Technical Analysis: WTI ended the week below the lower line on the symmetrical triangle and on par with the 50-day moving average. With slow stochastics crossing to the down side, we expect to begin the week trading lower, with an attempt to test $98.27, the 50% retracement provided by the March high of $130.50 and the December low of $66.04. There is support set at $94.85 and below that at $93.53. Resistance is set $101.10 and above that at $105.26.
Fundamental News: The U.S. Energy Department issued a notice of sale of crude oil from the SPR on Friday, a day after President Joe Biden announced the largest release ever from the U.S. strategic reserve. It said the first 90 million barrels of oil would be released between May and July, while another 90 million barrels will be released between August and October.
Japan's Industry Ministry said member countries of the International Energy Agency concluded an extraordinary meeting aimed at stabilizing oil markets in the wake of Russia's invasion of Ukraine. It reported that IEA countries committed to another coordinated oil release and added that volumes and timing of the second release could be agreed within a week. Earlier, ahead of a meeting by IEA member countries, the Japanese Industry Minister said Japan will act appropriately on oil reserves release while closely watching global developments.

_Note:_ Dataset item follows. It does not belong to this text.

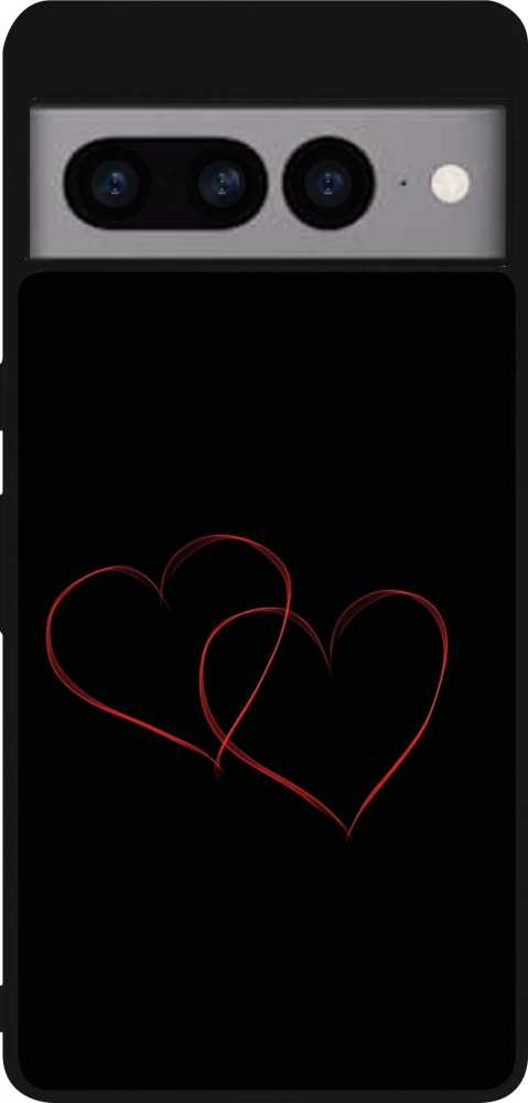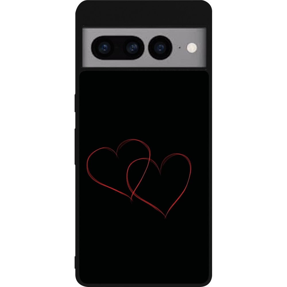 Coque Google Pixel 7 Pro - Silicone rigide noir Valentine 2023 attached heart

Baker Hughes reported Friday afternoon that U.S. drillers added oil and gas rigs for the second week in a row. Oil drillers added 2 rigs on the week to reach 533 operating rigs up from just 196 rigs operating a year ago. Natural gas drillers added one rig on the week raising the total rigs operating to 138 rigs. Overall the Permian basin saw the largest gains with 4 rigs added on the week.
According to a Reuters report, OPEC's increased oil output in March fell short of its target under a deal with allies, as outages in African members partly offset increases by Saudi Arabia and other top producers. It reported that OPEC produced 28.54 million bpd in March, up 90,000 bpd from the previous month but short of the 253,000 bpd increase called for under its deal with allies including Russia. OPEC's compliance with pledged cuts increased to 151% in March, up from 136% in February.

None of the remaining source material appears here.